Back

How it works

The architecture, the design decisions, and the eval loop behind the Maps RAG Assistant.

Request pipeline

  1. 1

    Ingestion

    Markdown docs in /documents are chunked (~800 tokens, 200 overlap), embedded with voyage-code-3 (input_type=document), and stored in Neon pgvector. Re-ingestion deletes rows by source_url so the store stays consistent.

  2. 2

    Query arrives

    POST /api/chat validates the payload with Zod (max 2000 chars per message, max 20 messages), applies a 15-req/min per-IP rate limit, and extracts the most recent user message.

  3. 3

    Retrieval

    The query is embedded with voyage-code-3 (input_type=query). Neon's match_documents() returns the top 5 chunks above a 0.65 cosine-similarity threshold. Results stream to the client as a data-sources message part before the LLM speaks.

  4. 4

    Generation

    claude-sonnet-4-6 receives the system prompt + citation instructions + retrieved chunks. Streamed back to the browser via the Vercel AI SDK. The prompt forbids answering from model memory — if retrieval returned nothing relevant, the model is instructed to refuse.

  5. 5

    Eval loop

    evals/run-evals.ts runs 12 golden questions on every prompt or chunking change. Citation accuracy, keyword coverage, and refusal handling are tracked in committed result files so prompt iterations are auditable.

Stack at a glance

FrameworkNext.js 15 (App Router)
LLMclaude-sonnet-4-6 via @ai-sdk/anthropic
Embeddingsvoyage-code-3 (1024-dim)
Vector DBNeon Postgres + pgvector (IVFFlat cosine)
StreamingVercel AI SDK (createUIMessageStream)
UIshadcn/ui + Tailwind + Framer Motion
DeployVercel (Edge + Neon serverless driver)

Design decisions

Why Voyage, not OpenAI embeddings?

Voyage is Anthropic's officially recommended embedding provider, and voyage-code-3 is optimized for code-heavy content — the Google Maps docs are ~40% code snippets. Free tier covers 200M tokens, more than enough for a portfolio project.

Why Neon over Supabase?

The stack needed plain Postgres with pgvector, nothing more. Neon's serverless driver works natively in the Vercel Edge runtime, autosuspend keeps the free tier lean, and branching lets me run ingestion experiments without risking prod data.

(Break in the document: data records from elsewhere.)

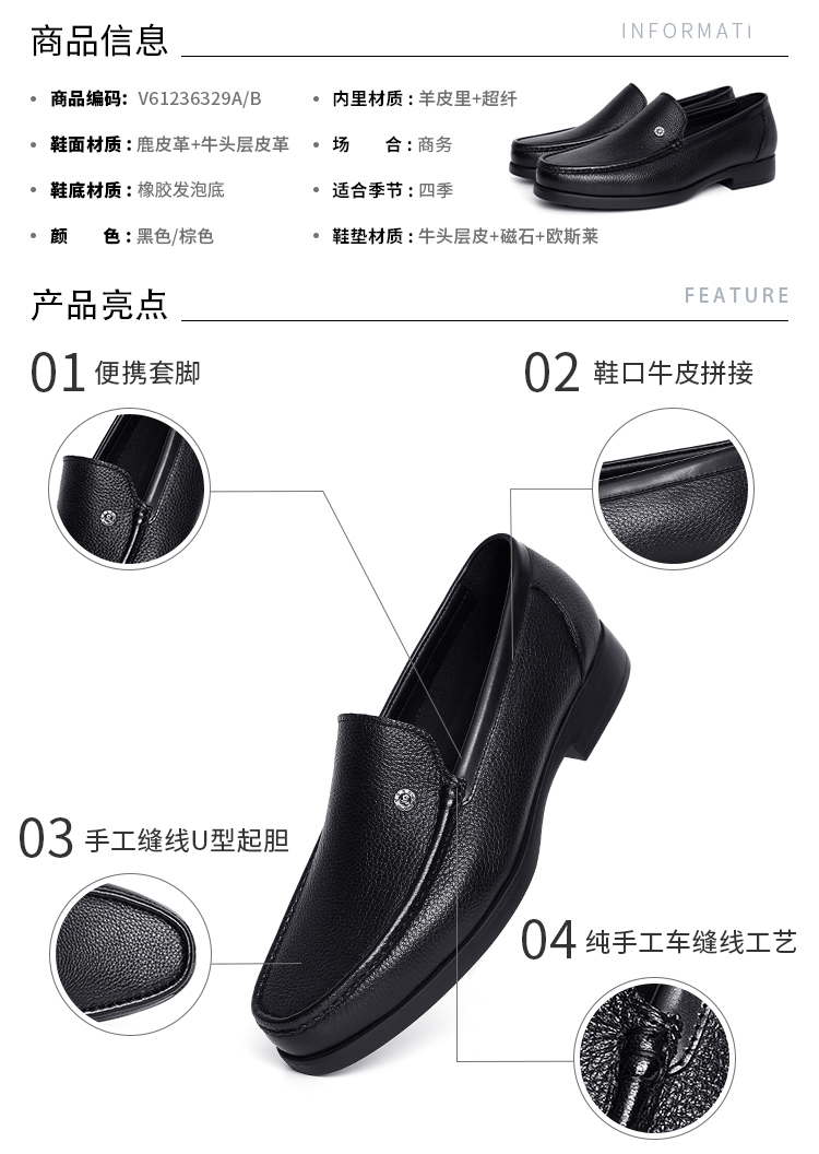 鹿皮+牛皮一脚蹬商务休闲鞋男士皮鞋懒人鞋男鞋通勤男皮鞋乐福鞋
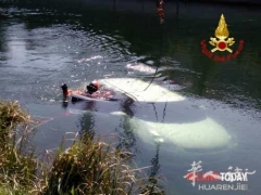 (组图)米兰一汽车司机停车忘拉手刹导致汽车掉入运河中
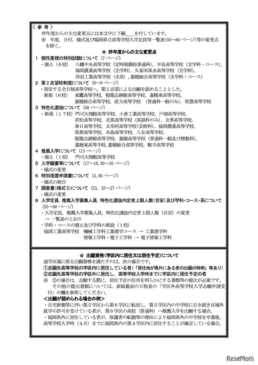 画像出典:福岡県教育委員会 昨年度(2022年度)からのおもな変更点等
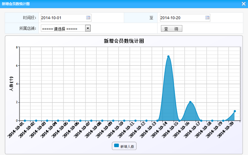 會員信息統(tǒng)計: 1.統(tǒng)計圖:將符合條件的數(shù)據(jù)以統(tǒng)計圖形式展現(xiàn)出來 (如下圖) 2.導(dǎo)出:將按條件查詢到的數(shù)據(jù) 導(dǎo)出成Excel表格 3.查詢:按照條件查詢出數(shù)據(jù)(例如 根據(jù)會員的店鋪會員的等級等)
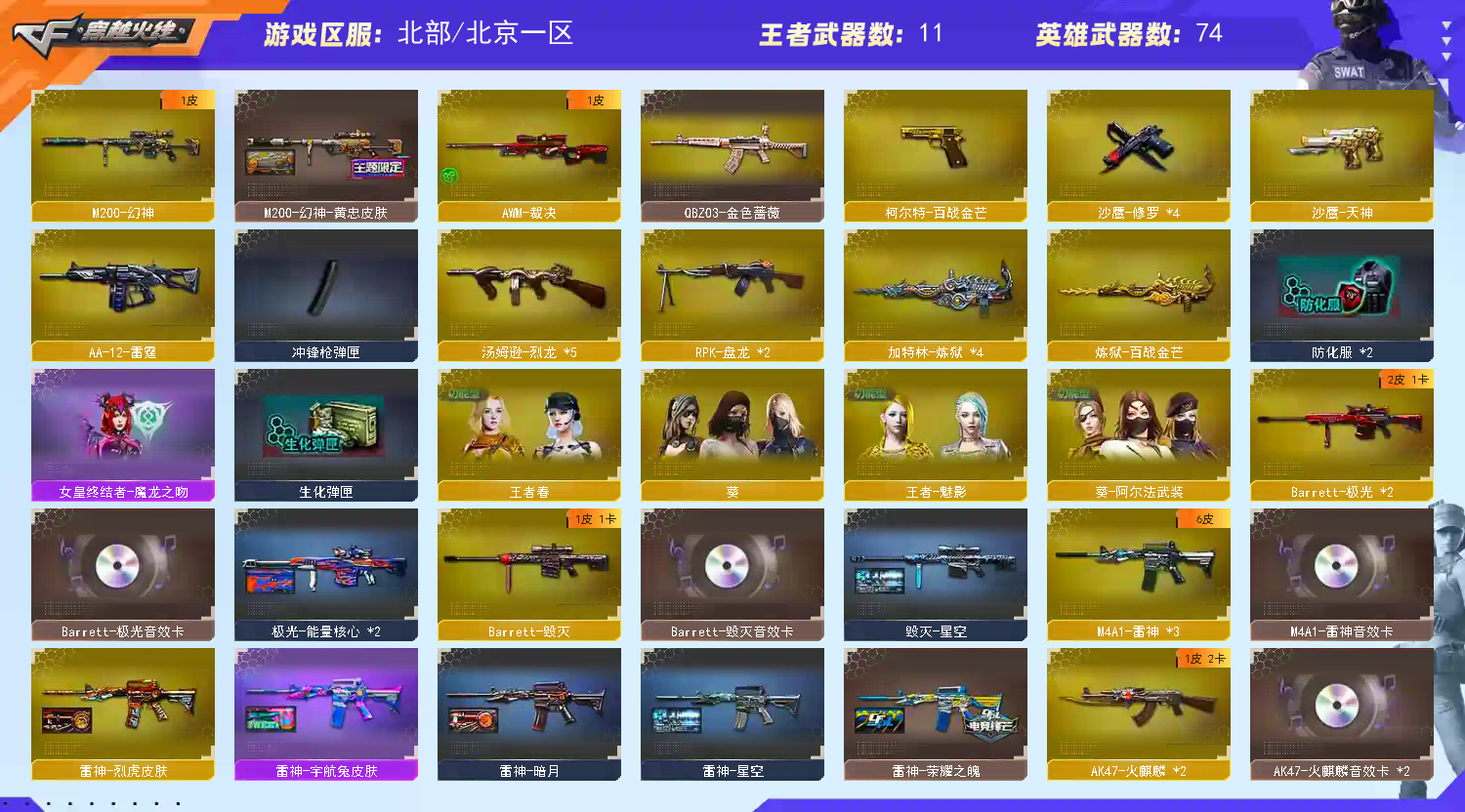 【M200幻神+黄忠皮肤+usp珊瑚】【5烈龙+5炼狱+2盘龙】【qbz03金色蔷薇】【王者之心 王者之怒】【火麒麟+火麒麟音效卡+冠军之心皮肤】【雷神+雷神音效卡+荣耀之魄皮肤】【毁灭+毁灭音效卡】【千变 黑龙 黑骑士 无影 死神 黑鲨 qbz03独角III 朱雀电竞之星 玫瑰精灵 9A91烈火 猩红传说 战神 极光 巴雷特朱雀 巴雷特金色蔷薇 AA12雷霆】——【沙鹰修罗*4 沙鹰天神 柯尔特百战金芒】——【屠龙 龙啸 擎天 麒麟刺 斩神刀雷暴 麒麟刺百战金芒 屠龙电竞之星 王者之击】——【雷暴投掷武器套装 神工天巧投掷武器套装 雷暴王者投掷武器套】——【AK47竞魂无影 巴雷特碧霄极光 雷神精英刀锋 雷神小红 水枪不败狙神 】——【角色】【4防(王者春 王者魅影)】【葵 不败狙神 零纪元】;RPK-盘龙,QBZ03-金色蔷薇,M200-幻神,
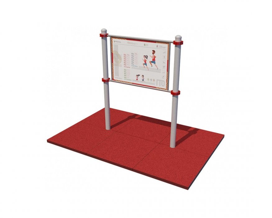 Уличная информационная стойка для установки во дворе — это цельная конструкция из металлических труб, которая предназначена для установки на открытых спортплощадках. Стойка используется для размещения информации о возрастных категориях, этапах и нормативах спортивных испытаний.
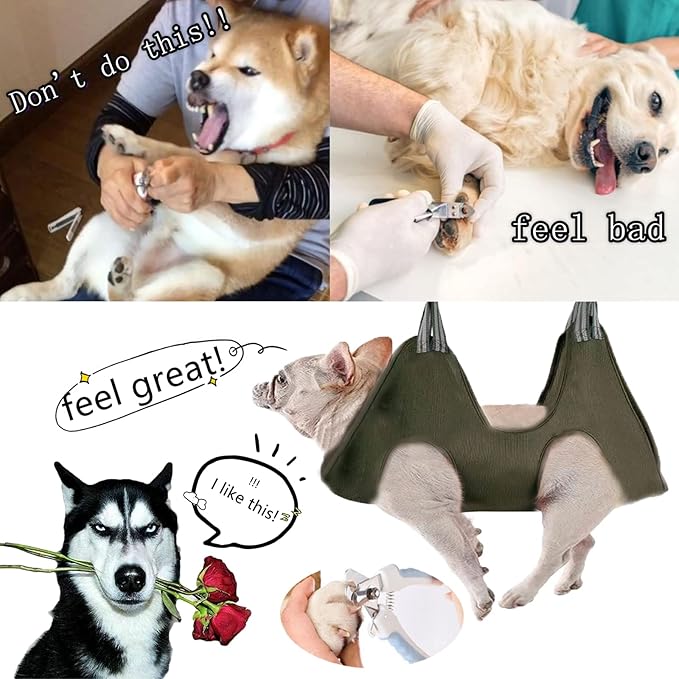 - 🐕🦺【Good helper for pets】This dog grooming hammock is the perfect tool to comfortably restrain your dog for a stress-free grooming session. Even at home, you can easily accomplish the same things like the pet hospital grooming table. This dog grooming hammock harness makes it easier to trim nails, take medicine, clean teeth and ears, and use eye drops without worrying about injury.Besides, dog grooming harness is also a good helper for veterinarians.
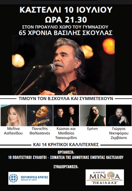 Εκδήλωση στα Καστέλλι για τα 65 μουσικά χρόνια του Βασίλη Σκουλά
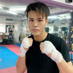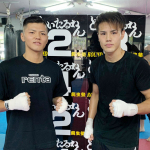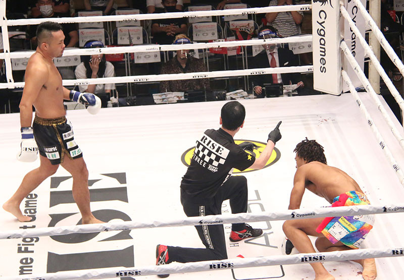 右フックでベイノア(右)からダウンを奪った緑川
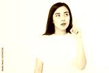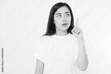 Young asian girl have good idea. Happy smiling woman isolated on white background. Copy space. Template and blank summer t shirt.
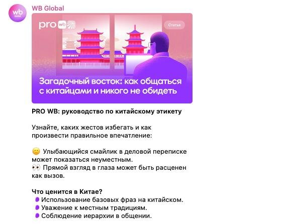 WB рассказывает, как правильно общаться с китайцами Канал WB опубликовал гайд по китайскому этикету: какие жесты уместны, где не переборщить со смайликами, и как смотреть, чтобы никого не обидеть. Тема, конечно, полезная. Особенно учитывая, что китайских продавцов на площадке становится всё больше — скоро это руководство пригодится уже не покупателям, а конкурентам по категории. Marketplace_biz - отдай свой буст каналу

Why 800-token chunks with 200-token overlap?

Short enough that top-5 retrieval fits comfortably in Claude's context after the system prompt. Overlap prevents chunk boundaries from splitting a code example away from the paragraph explaining it — which was the single biggest quality win during tuning.

Why return 5 chunks, not 10?

Measured on the eval suite: going from 5 to 10 didn't improve citation accuracy but did dilute the model's attention and increased hallucination risk. More context is not always better.

Why cosine similarity, not dot product?

Voyage embeddings are normalized, so cosine is stable across document lengths. The IVFFlat index is built with vector_cosine_ops to match.

What guards against hallucination?

Three layers: (1) the system prompt explicitly instructs refusal when retrieval is empty, (2) the eval suite includes adversarial questions like 'Google Maps Holographic API' to catch regressions, (3) the Sources Used panel in the UI makes it trivially obvious to the user which chunks the model consulted.

Quality is measured

Every change to the system prompt, chunking, or retrieval parameters is evaluated against 12 golden questions — covering happy-path retrieval, out-of-scope refusals, and hallucination bait. See /evals in the repo.